Cooking time : 16-20 minutes

Servings : 4

Omlette Rassa

Main Ingredients

Eggs, Tomatoes




Main Course-Egg

Level Of Cooking



  • Eggs
  • Tomatoes
    3 medium
  • Oil
    2 tablespoons
  • Bay leaves
  • Cinnamon stick
    2 inch sti
  • Black cardamoms
  • Black peppercorns
    1 teaspoon
  • Ginger
    1 inch
  • Garlic cloves
  • Coriander powder
    1 tablespoon
  • Red chilli powder
    1/2 teaspoon
  • Turmeric powder
    a pinch
  • Garam masala powder
    1/2 teaspoon
  • Bhuna masala
    130 grams
  • Tamarind paste
    1 teaspoon
  • Fresh coriander leaves finely chopped
    2-3 tablespoons


Step 1

Heat oil in a non-stick pan, add bay leaves, cinnamon, black cardamoms and black peppercorns and saute till fragrant.

Step 2

Finely chop ginger, mash garlic cloves and add both to the pan and sauté for 2-3 minutes.

Step 3

Roughly chop tomatoes and puree them. Add to the pan and sauté for 3-4 minutes.

Step 4

Add coriander powder, red chilli powder, turmeric powder and garam masala powder and mix well.

Step 5

Add bhuna masala and sauté for ½ minute.
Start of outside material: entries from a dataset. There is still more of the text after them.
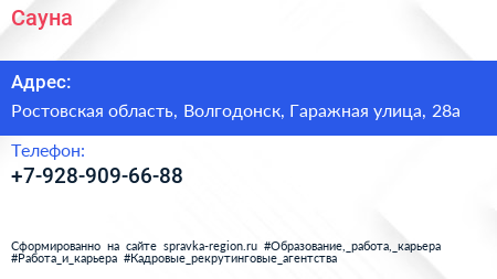 Сауна по адресу Ростовская область, Волгодонск, Гаражная улица, 28а в дальнейшем Организация, размещена в следующих категориях:
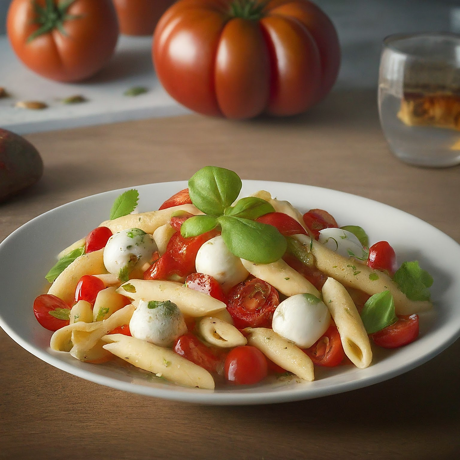 Ein erfrischender Nudelsalat mit Mozzarella, Tomaten und Basilikum – perfekt für den Sommer!
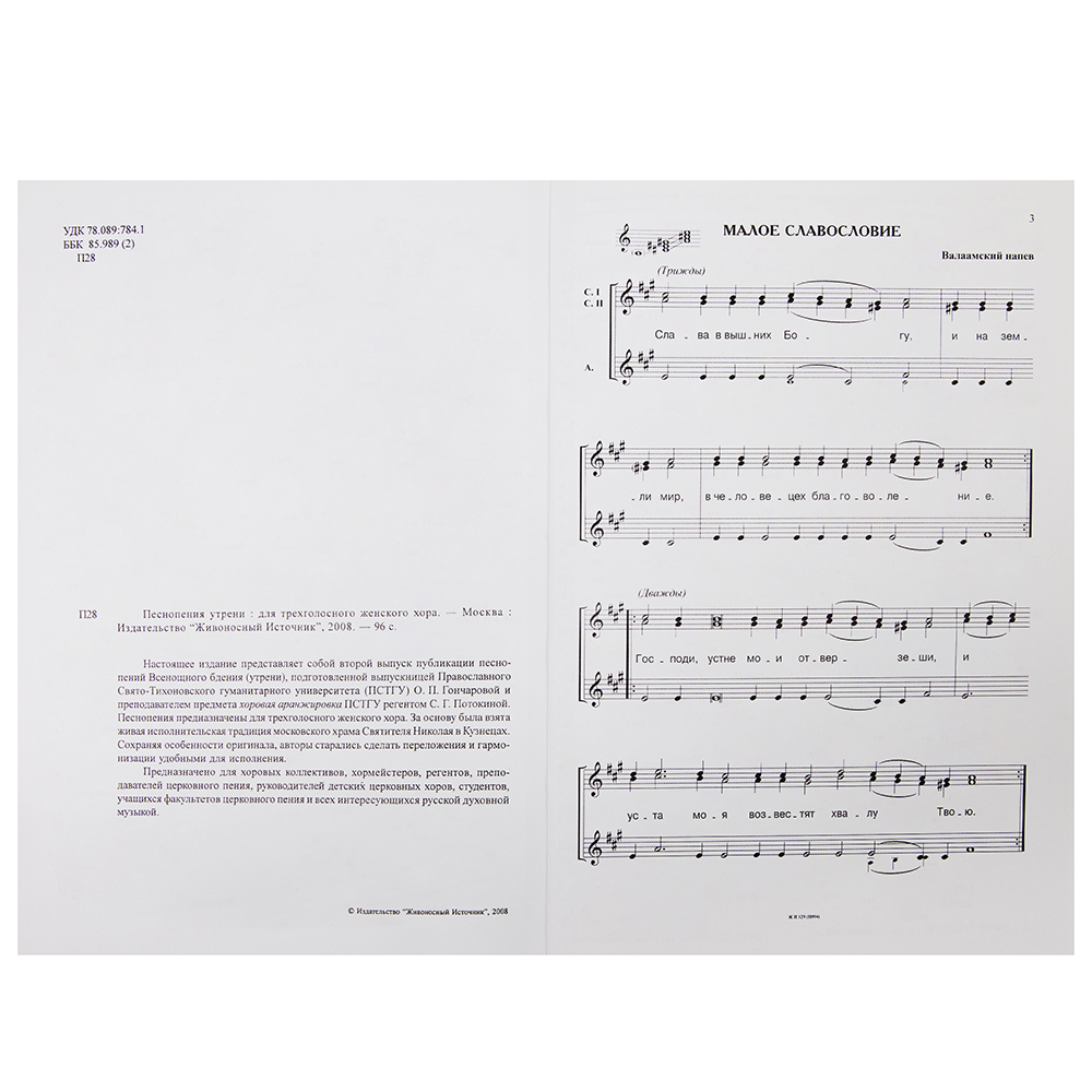 Предлагаем вашему вниманию первый выпуск переложений песнопений Всенощного бдения (утрени), подготовленный выпускницей Православного Свято-Тихоновского гуманитарного университета (ПСТГУ) О. П. Гончаровой и преподавателем предмета "Хоровая аранжировка" ПСТГУ регентом С. Г. Потокиной. Все нотные материалы адаптированы для исполнения трехголосным женским хором или трио. Основой для профессиональной обработки и аранжировки стала уникальная исполнительская традиция храма Святителя Николая в Кузнецах г. Москвы. Бережно сохраняя идею оригиналов, авторы сборника сумели сделать переложения и гармонизации максимально удобными для исполнения.
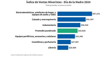 Por último, en Librería hubo una mejora del 10,3%, gracias a promociones y compras de último momento. El ticket promedio fue de $25.059, el más bajo de todos los rubros relevados. En algunas ciudades la fecha coincidió con ferias del libro que empujaron esa opción de regalo.
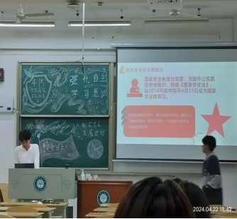 各班级通过知识问答、图文讲解等多种形式开展线下主题团会,展现出新时代大学生的精神风貌。国家安全教育组从“全民国家安全教育日”的设立背景、现实意义等方面进行详细地讲解,引导学生更加深刻地认识国家安全的重要性,增强对国家的认同感和归属感;强化学生自主学习意识专题组致力于培养学生的独立思考能力,引导学生自主分析问题、解决问题,提高学生的创造性和独立性;爱国主义教育组,通过重温红色历史深入推广国家的文化和传统,把握爱国主义教育特点,着力培养管院学子的爱国主义意识,推动爱国主义教育深入、有效开展。
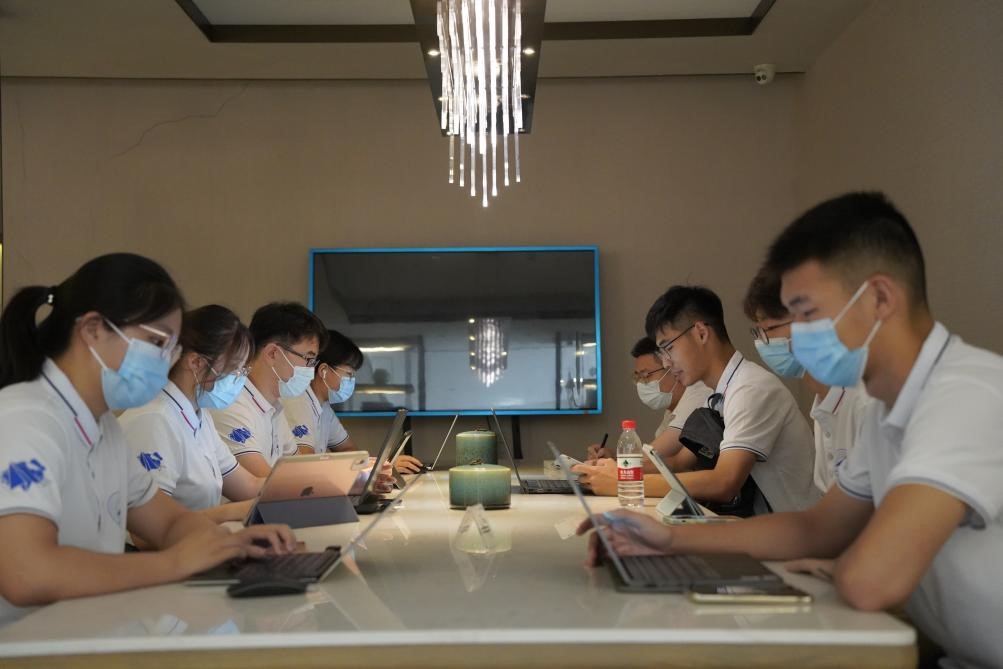 图为实践队聆听广州弘宇科技有限公司应用案例讲解
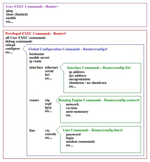 | Router(config)# | Configuration mode (notice the # sign indicates this is accessible only at privileged EXEC mode) |
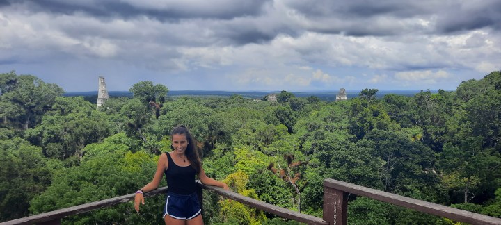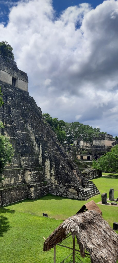 Tikal ou Ti Ak’al, qui signifie trou d’eau, est en effet un des plus grands sites archéologiques et centres urbains de la civilisation maya. Après des moments méditatifs à observer cette place de plus de 200m de long et découvrir des stèles représentant les figures du pouvoir du lieu, nous arpentons la jungle pour nous rendre au temple numéro 4, le plus haut du site et aussi la plus haute pyramide de l’époque précolombienne des Amériques. D’en haut, nous pouvons admirer l’étendue de cette jungle sauvage et découvrir, ici et là, le sommet de quelques temples-pyramides qui dépassent de cette immensité verte. Une véritable merveille.
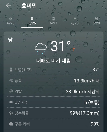 호치민 6월26일 날씨입니다
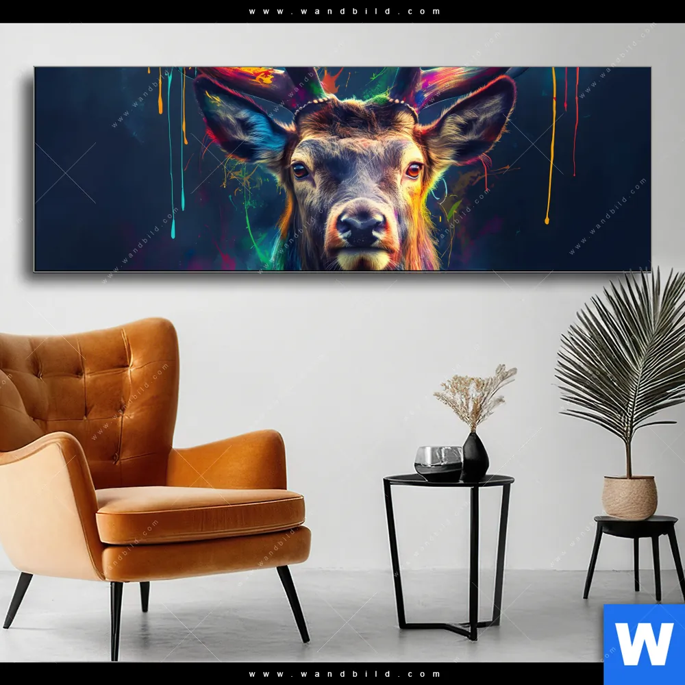 Wechselmotiv | Hirsch im leuchtenden Farbmix | Panorama
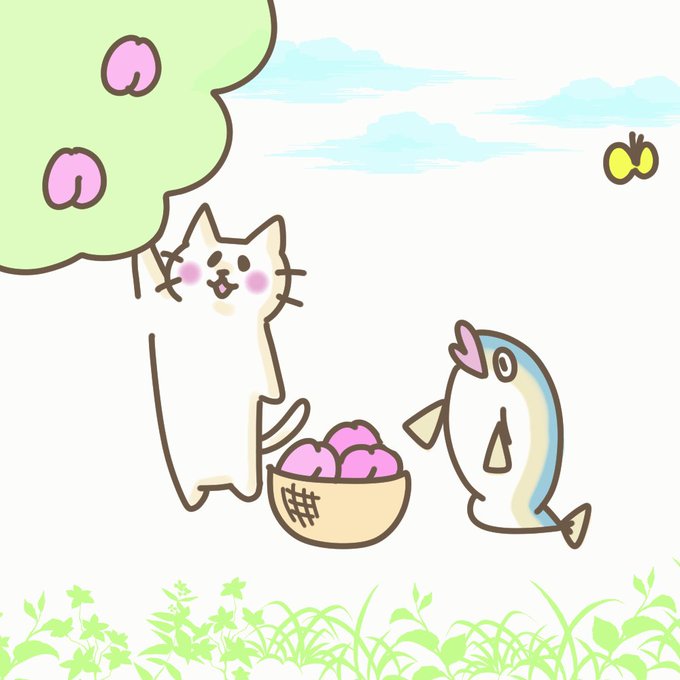 ひな祭りは桃の節句!🐱🐟💕 桃をもぎもぎ食べ放題まつり!🍑🍑🍑 #イラスト #アニメーション #雛祭り #ブリ #猫
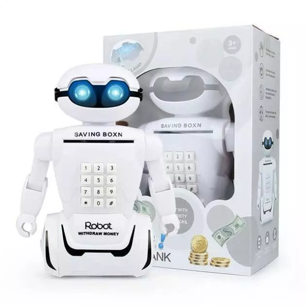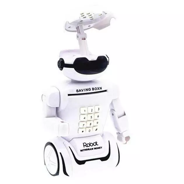 Это новый электрический сейф-копилка Robot PIGGY BANK с кодовым замком, фонарем и музыкой. Игрушка выглядит как настоящий атрибут шпиона: светящиеся глаза, имитация звуков робота, возможность установки кода. Все это делает обычную копилку настоящим увлечением для вашего ребенка, с которым он сможет забыть о своем смартфоне.
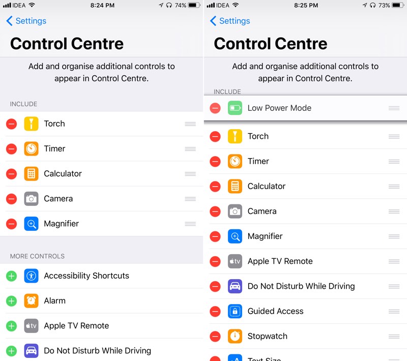 Нажмите на кнопку + чтобы добавить плитку в центр управления. Чтобы удалить элемент, нажмите на кнопку -. Сортировка осуществляется перетаскиванием.
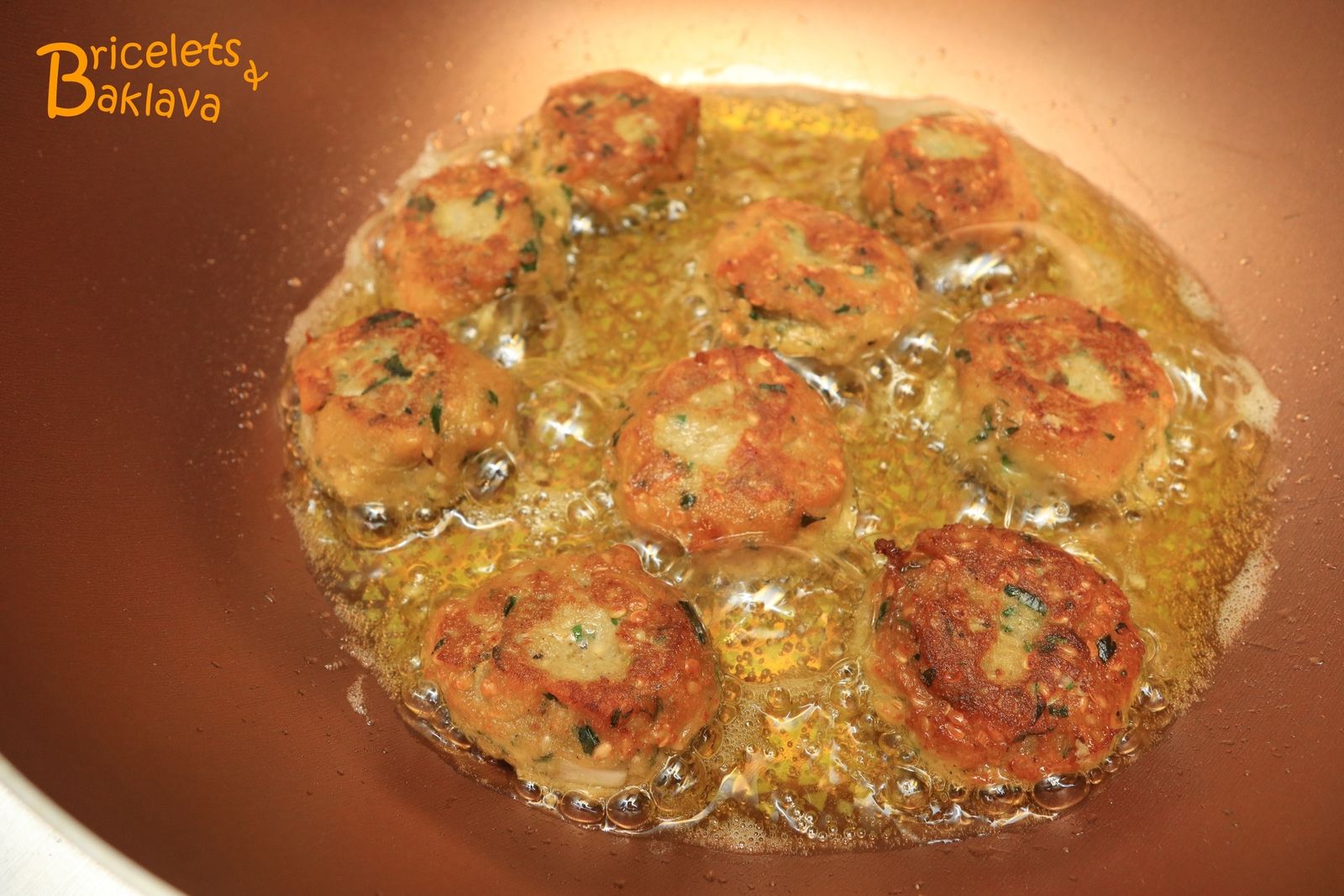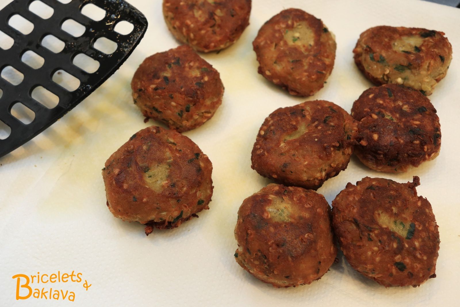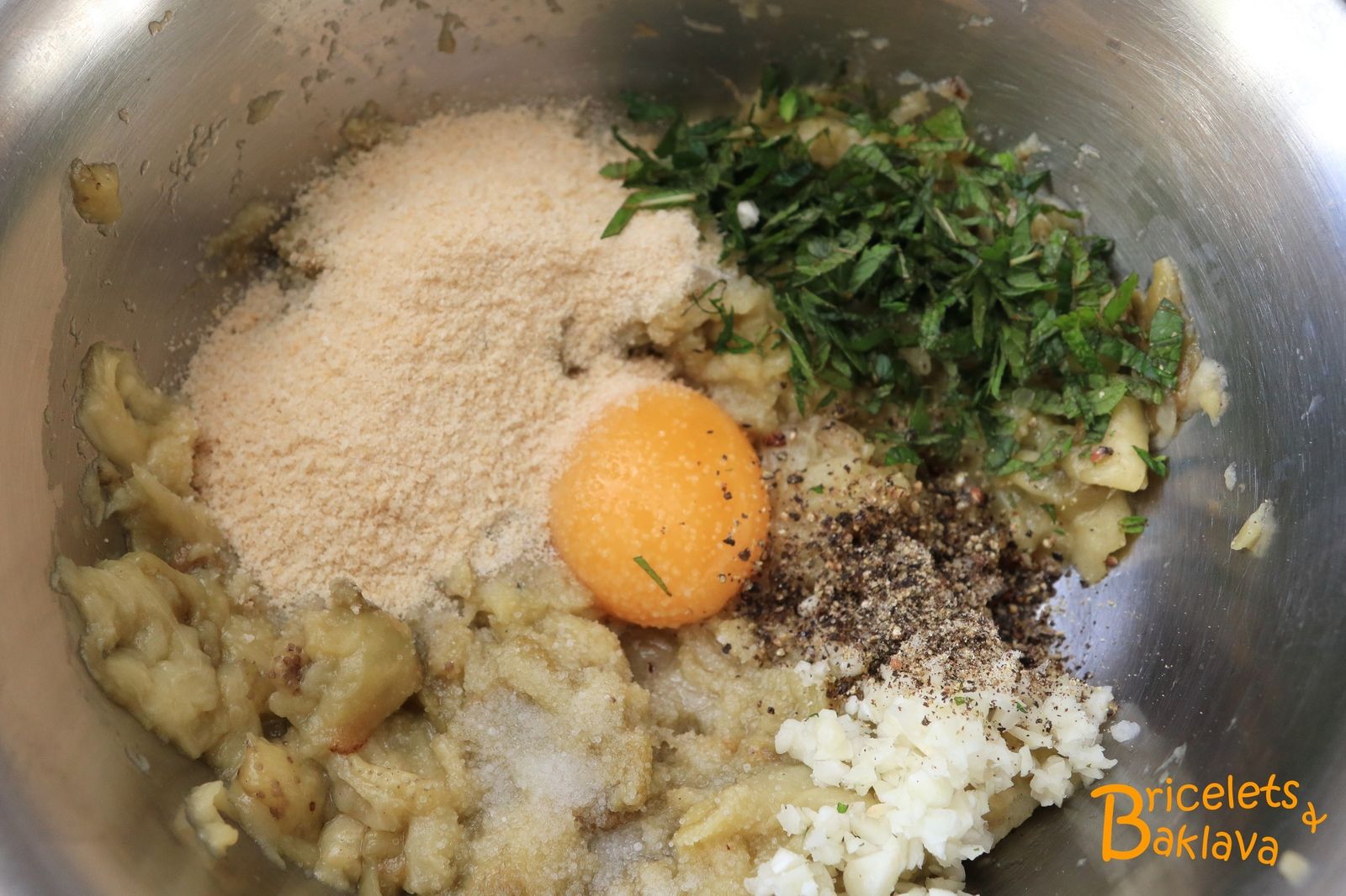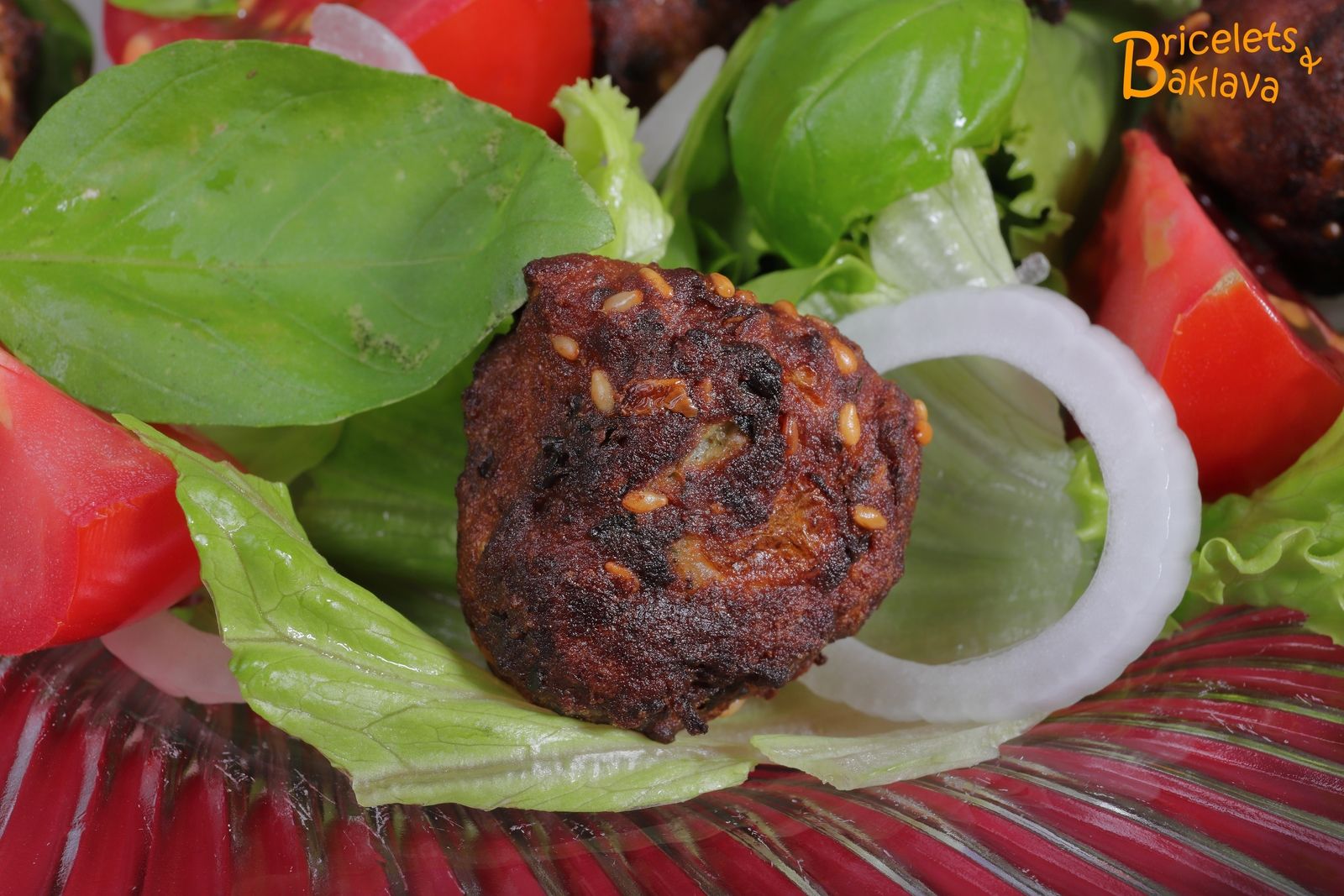 Mais aujourd’hui je vous propose la version végétarienne. Ces boulettes étaient confectionnées spécialement lors du carême dans la région d’Aintab, patrie de ma mère. La viande était remplacée par de l’aubergine assaisonnée d’herbes et d’épices et frite à l’huile d’olive. Ces petites boulettes sont une pure merveille, à grignoter sur le pouce, comme mezzé, sur une salade estivale et même à l’apéritif.

Add 3-4 cups of water, tamarind paste and mix. Allow the rassa to come to a boil.

Step 6

Break eggs into a bowl and whisk well. With a teaspoon drizzle the whisked egg into the rassa and cook for 1-2 minutes.

Step 7

Add coriander leaves and mix. Transfer into a serving bowl and serve hot.